### [Exercise description]
Only the lines from the first line of the data through the line containing "Perfeita para escolas, ateliês" belong in the answer, transcribed exactly; pictures do not.

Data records
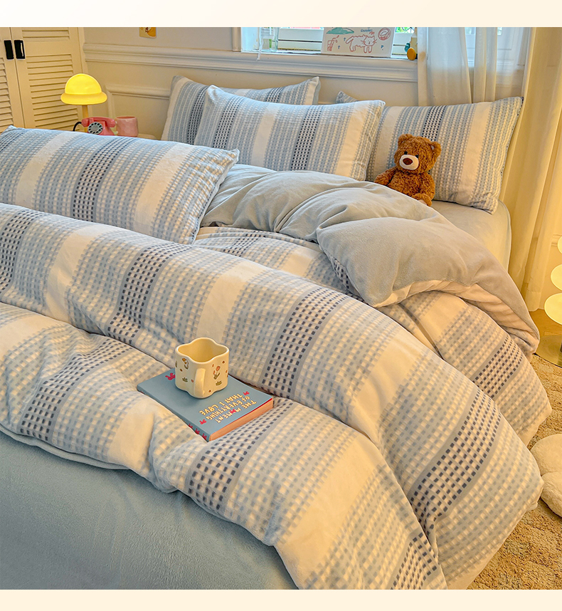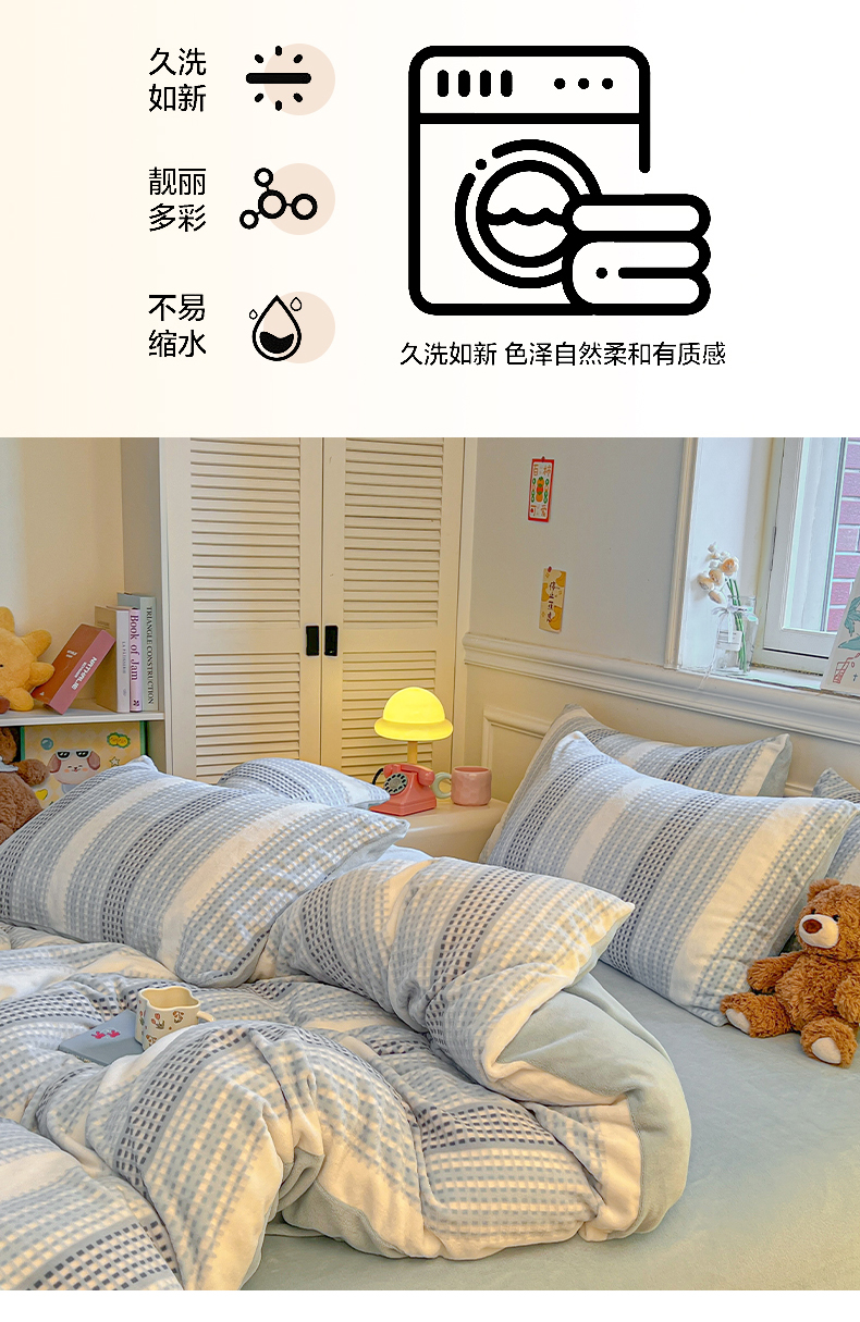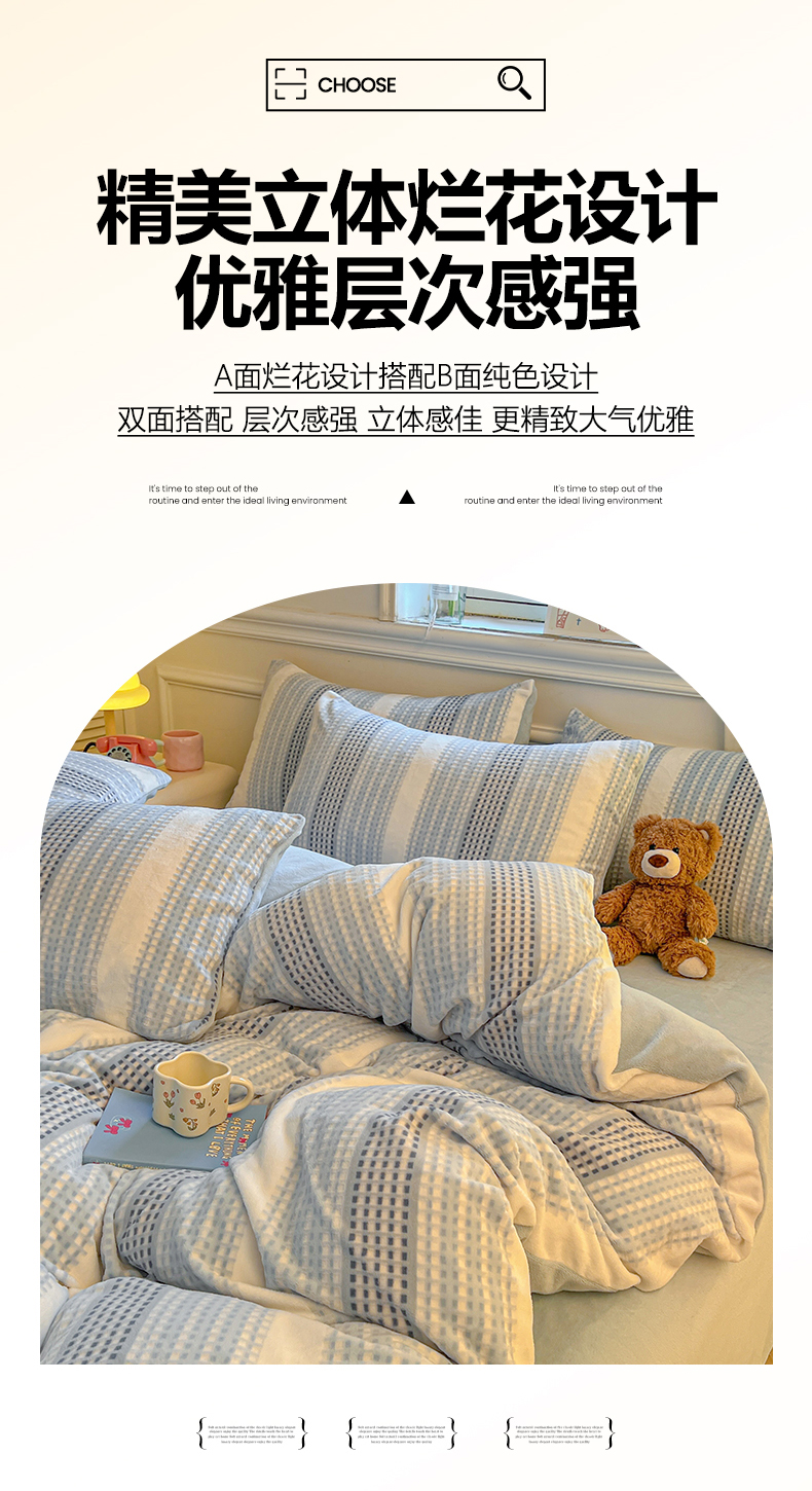 (总)莱茵家居 2025新款高克重牛奶绒烂花四件套,眠语-粉,眠语-蓝,暖格-粉,暖格-咖,暖格-蓝
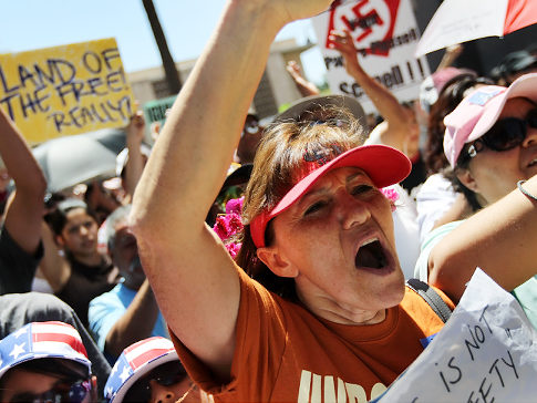 PHOENIX – APRIL 25: Opponents of Arizona‘s new immigration enforcement law protest outside the state capitol building on April 25, 2010 in Phoenix, Arizona. More than 1,000 gathered to protest the passage of Arizona’s tough new law which was signed by the state’s Republican governor Jan Brewer two days before. Critics of the law say that it will encourage racial profiling by law enforcement and endanger civil rights in the state. (Photo by John Moore/Getty Images) Original Filename: GYI0060270245.jpg
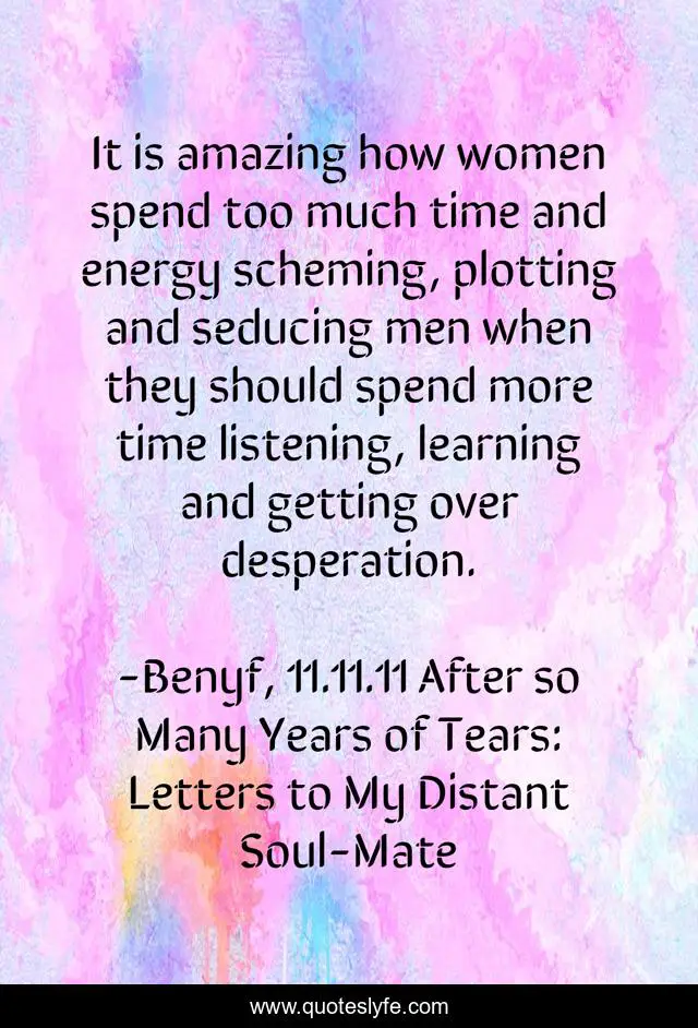 This page presents the quote "It is amazing how women spend too much time and energy scheming, plotting and seducing men when they should spend more time listening, learning and getting over desperation.". Author of this quote is Benyf, 11.11.11 After so Many Years of Tears: Letters to My Distant Soul-Mate. This quote is about broken-heart, desperation, woman-scorned, women-s-strength, healing, desperate, seductive,.
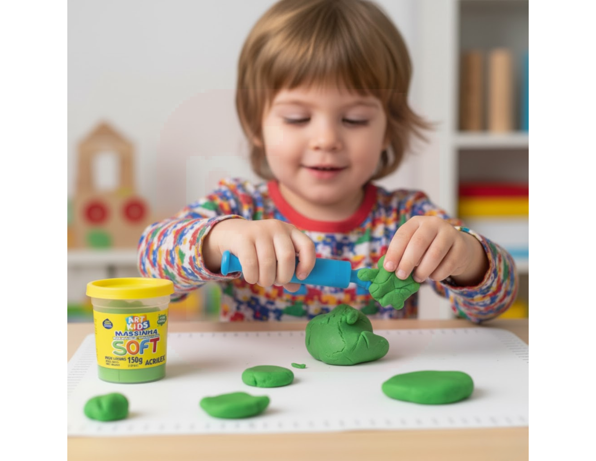 Perfeita para escolas, ateliês e uso doméstico, a Massa de Modelar Soft é atóxica e segura, garantindo diversão com tranquilidade.
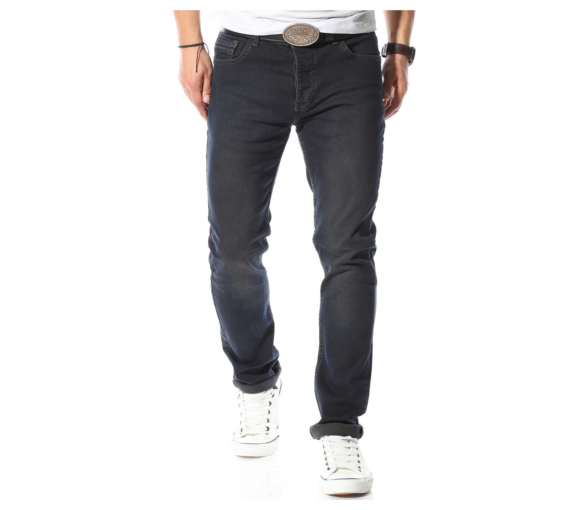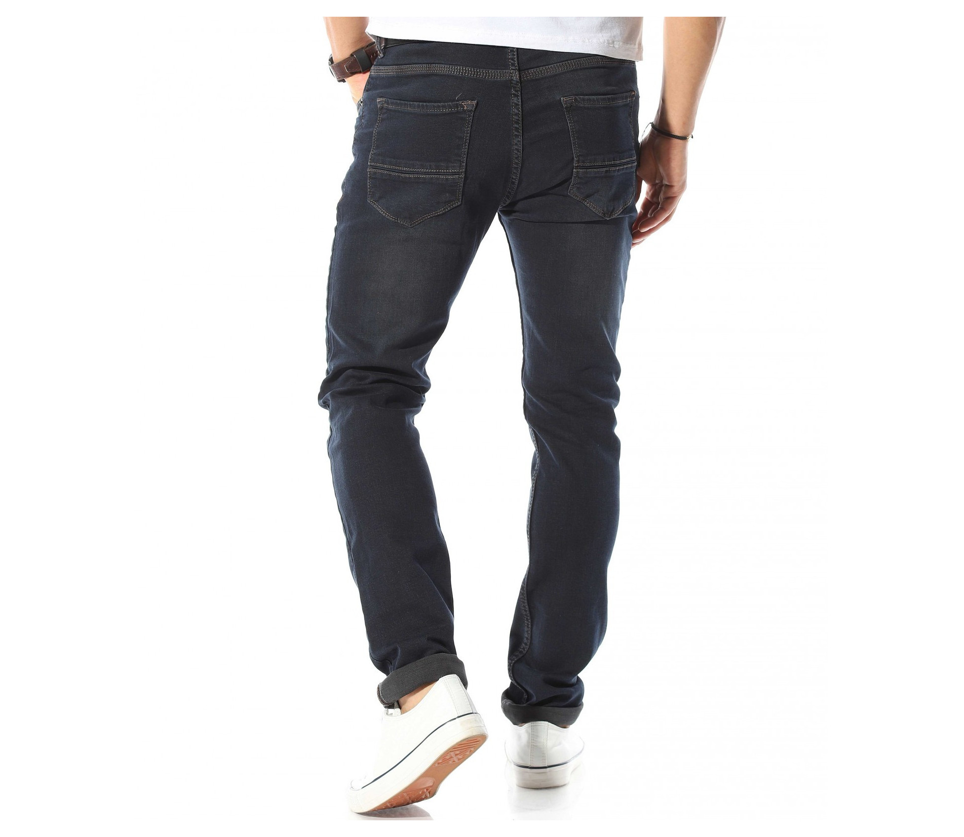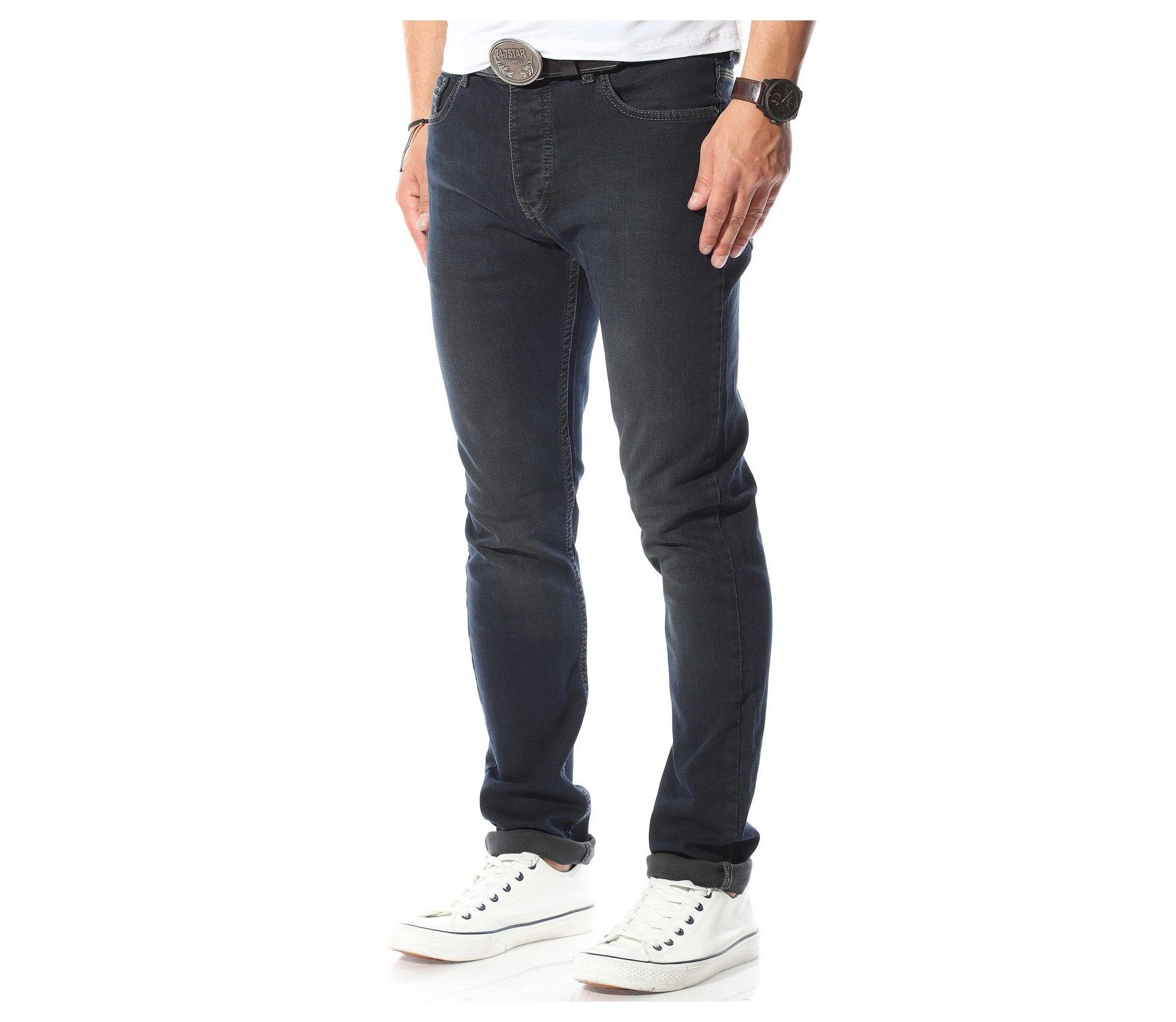 Описание на продукта: В светът на мъжката мода може да откриете всевъзможни изражения на панталоните. Но като истински ценители на evergreen-a, ние от www.red-point.bg открихме истинското лице на класическият мъжки деним. В тъмно син към черен нюанс, мека и удобна материя, деликатно вталена кройка и малки елементи, присъщи за този тип дреха, Ви представяме уникалният и неповторим дънков панталон. В предната и задната му част са поставени по два джоба, които изграждат истниското лице на дънките. Тези на гърба са в изразителен външен вариант, за разлика от предните два, които са деликатно прибрани. Завършвайки с традиционно и удобно закочаване, Ви приканваме да опитате \"хапка\" от перфектния мъжки аутфит.
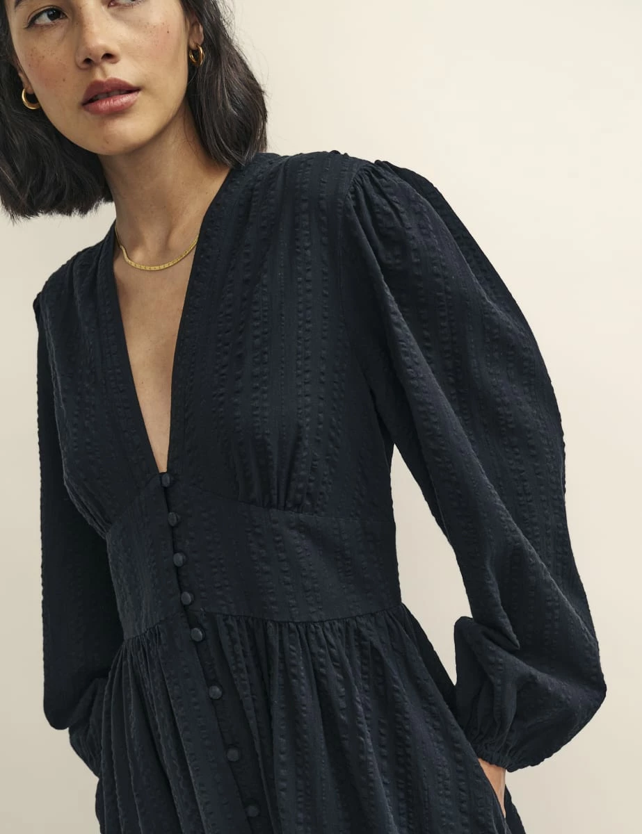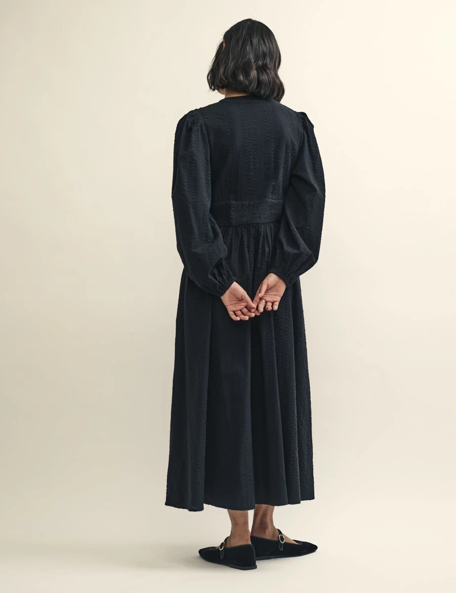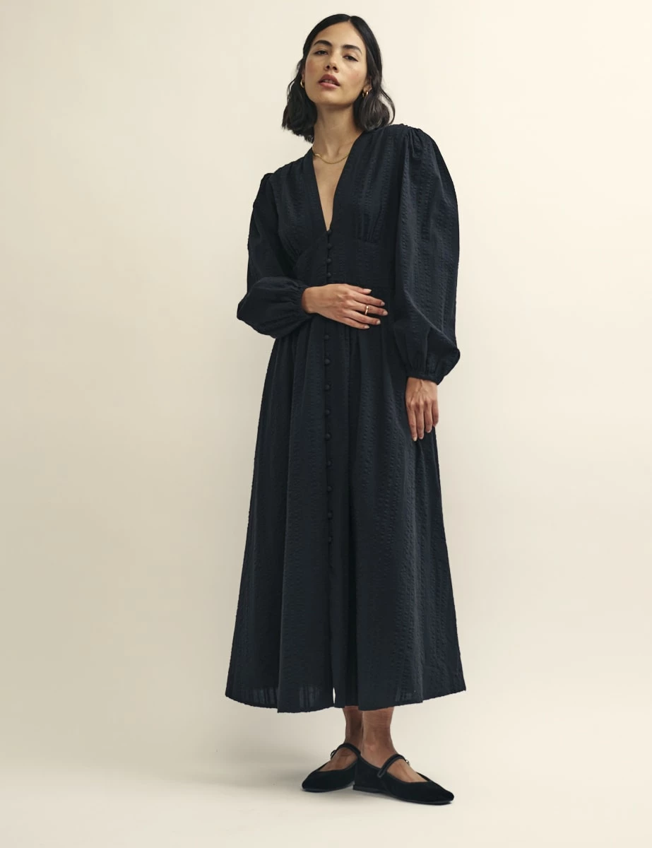 An autumn-ready take on our stellar style, Starlight. Made from black seersucker cotton that’s lightly textured, she’ll take you from day to night in an instant. We’re obsessed with her soft gathering, balloon sleeves and pretty line of covered buttons – she’s even got pockets. Effortlessly relaxed in fit, we’d recommend sizing down if you like a closer cut. Style yours with Mary Jane shoes.
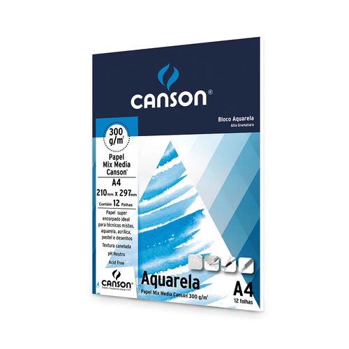 O Bloco Artístico A4 Canson é indicado para crianças nas atividades de educação, artística e matemática. Sua utilização auxilia no desenvolvimento da coordenação motora e raciocínio lógico. O Bloco Artístico é um papel de alta gramatura e com dupla face de utilização. Texturizada e lisa e com alto nível de conservação. Especialmente indicado para aquarela, tinta acrílica e também para técnicas secas como giz pastel, giz oleoso e lápis de cor. Formato: A4 contém 12 folhas. Gramatura: 300 g/m2 textura, delicadamente canelada, para realçar os efeitos de luz da aquarela.

### [Reply]
 (总)莱茵家居 2025新款高克重牛奶绒烂花四件套,眠语-粉,眠语-蓝,暖格-粉,暖格-咖,暖格-蓝
 PHOENIX – APRIL 25: Opponents of Arizona‘s new immigration enforcement law protest outside the state capitol building on April 25, 2010 in Phoenix, Arizona. More than 1,000 gathered to protest the passage of Arizona’s tough new law which was signed by the state’s Republican governor Jan Brewer two days before. Critics of the law say that it will encourage racial profiling by law enforcement and endanger civil rights in the state. (Photo by John Moore/Getty Images) Original Filename: GYI0060270245.jpg
 This page presents the quote "It is amazing how women spend too much time and energy scheming, plotting and seducing men when they should spend more time listening, learning and getting over desperation.". Author of this quote is Benyf, 11.11.11 After so Many Years of Tears: Letters to My Distant Soul-Mate. This quote is about broken-heart, desperation, woman-scorned, women-s-strength, healing, desperate, seductive,.
 Perfeita para escolas, ateliês e uso doméstico, a Massa de Modelar Soft é atóxica e segura, garantindo diversão com tranquilidade.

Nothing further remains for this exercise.